I'm not going to criticise Theresa May for a bungled attempt to repair an embarrassing PR situation. I'm not going to pass much comment on whether she would have received the same scorn had she been a man.** I'm going to talk about the very need to attempt her "Dancing Queen" save:
We live in a deeply anti-authoritarian society. Kids increasingly have little respect for teachers and adults in general. Teens and middle-aged alike dismiss the elderly. Police officers are publicly abused. No one living in the public eye - whether "celebrities", politicians, or the Royal Family, is free from the unbridled mockery of the mass media.
We ridicule and undermine those in authority over us. I'm sure there's some very interesting psychology involved - is our society's collective psyche so insecure we need to pick on such easy targets? Newspapers, internet clickbait and TV panel shows make comedy mincemeat out of any authority figure (this, of course, extends to God, though that isn't my main focus here).
There are two things that need to be said:
1) Firstly, those in authority must be held to account. They ought to be held to higher standards, and where there is misbehaviour and misdeed, they don't get a "pass" because they're important or highly-paid.
This is the abuse of authority that has been rife in every society since Cain. This is the false view of authority that will allow police officers and politicians to be involved in the evil and systematic abuse of young people and women. This is the historic view that "important" people have a lower moral standard to maintain because of the unequal pressures and demands on them, or because in some ontological sense they are "higher" and follow a different set of rules to the hoi polloi.
A Biblical view of authority does not simply permit leaders to do what they want and get away with it because of the respect in which they are held. This has been a problem in churches where the Pastor has been held in such reverence that no accusation against him - however legitimate - has been considered. It allows wolves in sheep's clothing to feast on God's flock, whether sexually or by lining their own pockets.
The Biblical view of leadership is that of servant-leaders: Shepherds. They have a responsibility to sacrificially serve those over whom they exercise authority. They are answerable for their actions.

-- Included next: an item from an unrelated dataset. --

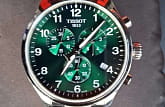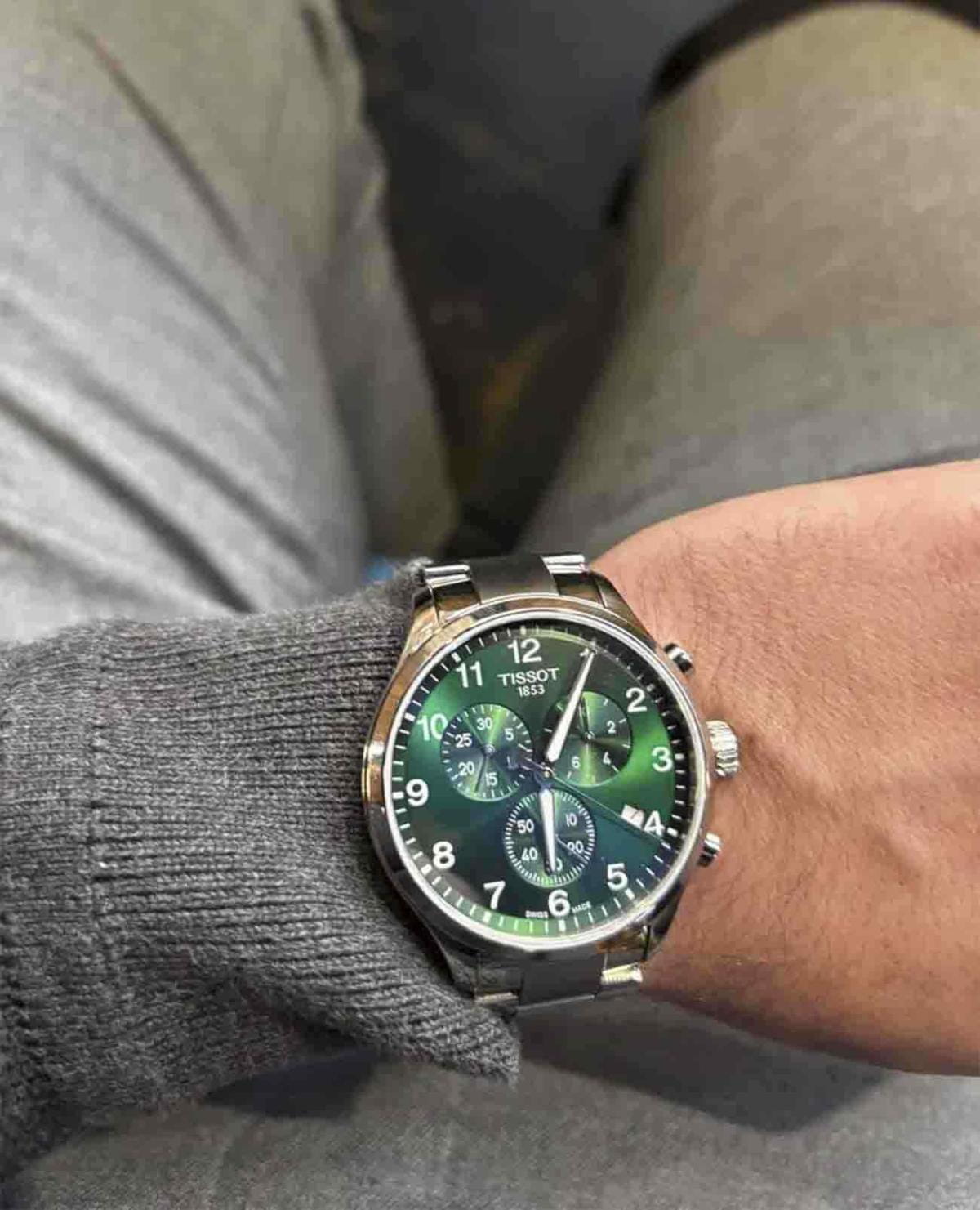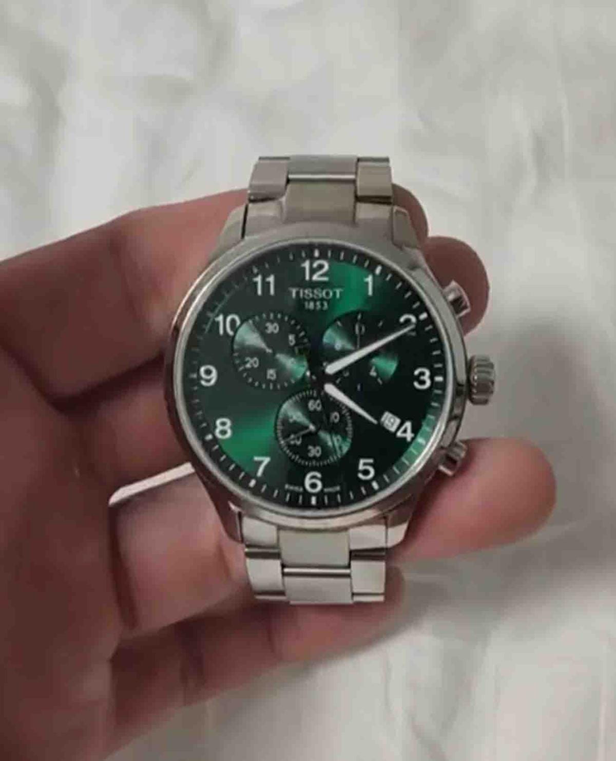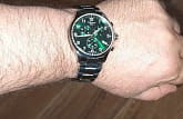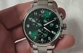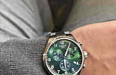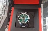 Ярко-зеленый циферблат сразу бросается в глаза, три дополнительных счётчика привносят в общий облик модели спортивный стиль. Наручные часы изготовлены из нержавеющей стали, тяжесть материала приятно ощущается на запястье и не доставляет неудобств. Кварцевый механизм ETA G10.212. Люминесцентное покрытиеЛюминесцентное покрытиеПозволяет считывать показания времени в темноте. Производители наносят на стрелки, часовые индексы, безель или поверхность циферблата светонакопительный состав, дающий холодное свечение. . Высокие показатели водозащиты - 10 бар. Габариты: 45 x 45 x 11 мм.

2) Secondly, we can't deny that there is an appropriate use for satire. Some Christians might be completely opposed to the idea, but it's a Biblical reality. In many ways, the apocalyptic writing of the Prophets and the book of Revelation are deeply satirical: Like a modern political cartoon, they use veiled imagery, symbolism and picture-language to describe political realities. Sometimes the imagery is comedic, even grotesque.*** The use of this imagery elevates purely worldly satire to the spiritual, highlighting the reality behind the mundane.
In a free and democratic country, we ought to be free to speak. Guaranteeing this freedom of speech is one way we can ensure that leaders and institutions are held to account. Satire has been a powerful weapon of those under abusive authority to undermine the unfair esteem in which ungodly authorities are sometimes held. It's a tool that gives the disenfranchised - the powerless - a kind of righteous power to highlight the faults of their oppressors.
But, there's a big difference between satire that shines a spotlight on the hypocrisy of those who abuse their authority, and the unrelenting disrespect and scorn towards those who falteringly attempt to exercise it, more or less, for the public good. A few weeks ago, one of my friends posted a quote from Terry Pratchett, “Satire is meant to ridicule power. If you are laughing at people who are hurting, it is not satire, it is bullying.”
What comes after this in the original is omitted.